> [WHAT TO DO] Please give the lines below again exactly as they stand, from the one that contains "Pannello di superficie" up to and including the one that contains "This is the", leaving all pictures out.

> [RECORDS SHOWN]

%%

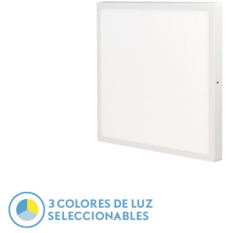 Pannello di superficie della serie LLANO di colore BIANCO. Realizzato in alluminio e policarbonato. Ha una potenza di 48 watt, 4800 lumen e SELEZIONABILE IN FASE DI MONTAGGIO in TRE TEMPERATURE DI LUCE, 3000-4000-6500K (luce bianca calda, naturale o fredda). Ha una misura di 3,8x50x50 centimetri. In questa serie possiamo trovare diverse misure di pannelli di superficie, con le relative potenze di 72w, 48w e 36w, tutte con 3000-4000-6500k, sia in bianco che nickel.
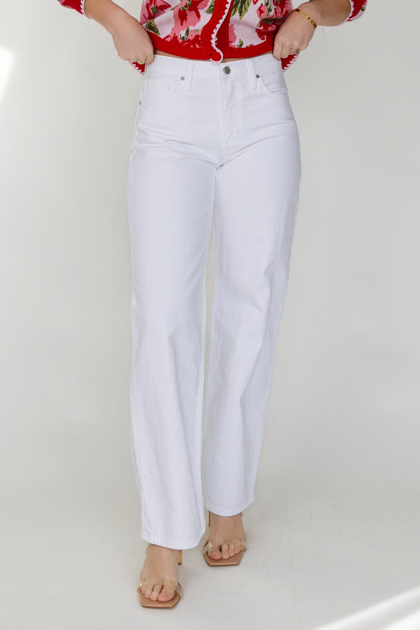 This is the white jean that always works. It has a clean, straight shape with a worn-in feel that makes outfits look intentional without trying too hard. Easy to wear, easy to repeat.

%%
%%

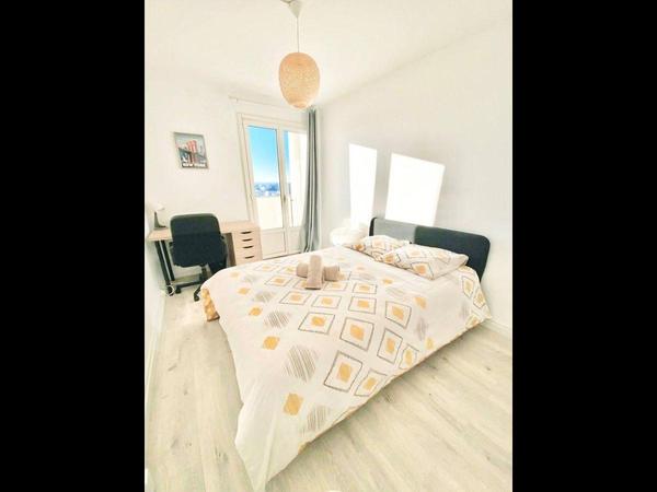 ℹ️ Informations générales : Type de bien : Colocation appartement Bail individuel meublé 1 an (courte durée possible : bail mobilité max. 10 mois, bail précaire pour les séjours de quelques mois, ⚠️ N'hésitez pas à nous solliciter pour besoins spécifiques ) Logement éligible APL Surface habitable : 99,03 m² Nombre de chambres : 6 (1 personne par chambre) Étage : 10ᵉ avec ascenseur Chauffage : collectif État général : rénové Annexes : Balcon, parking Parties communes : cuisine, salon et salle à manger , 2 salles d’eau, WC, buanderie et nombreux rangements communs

%%
%%

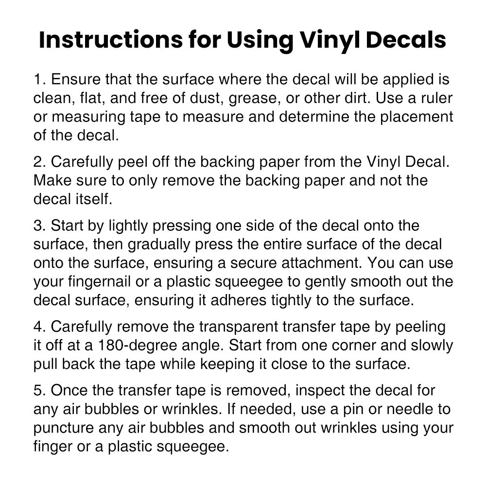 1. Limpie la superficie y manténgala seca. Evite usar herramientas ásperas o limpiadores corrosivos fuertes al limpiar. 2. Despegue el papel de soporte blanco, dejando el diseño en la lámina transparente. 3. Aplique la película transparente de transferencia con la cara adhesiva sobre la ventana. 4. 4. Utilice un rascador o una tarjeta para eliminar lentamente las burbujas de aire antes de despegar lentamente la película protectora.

%%

> [EXERCISE RESULT]
 Pannello di superficie della serie LLANO di colore BIANCO. Realizzato in alluminio e policarbonato. Ha una potenza di 48 watt, 4800 lumen e SELEZIONABILE IN FASE DI MONTAGGIO in TRE TEMPERATURE DI LUCE, 3000-4000-6500K (luce bianca calda, naturale o fredda). Ha una misura di 3,8x50x50 centimetri. In questa serie possiamo trovare diverse misure di pannelli di superficie, con le relative potenze di 72w, 48w e 36w, tutte con 3000-4000-6500k, sia in bianco che nickel.
 This is the white jean that always works. It has a clean, straight shape with a worn-in feel that makes outfits look intentional without trying too hard. Easy to wear, easy to repeat.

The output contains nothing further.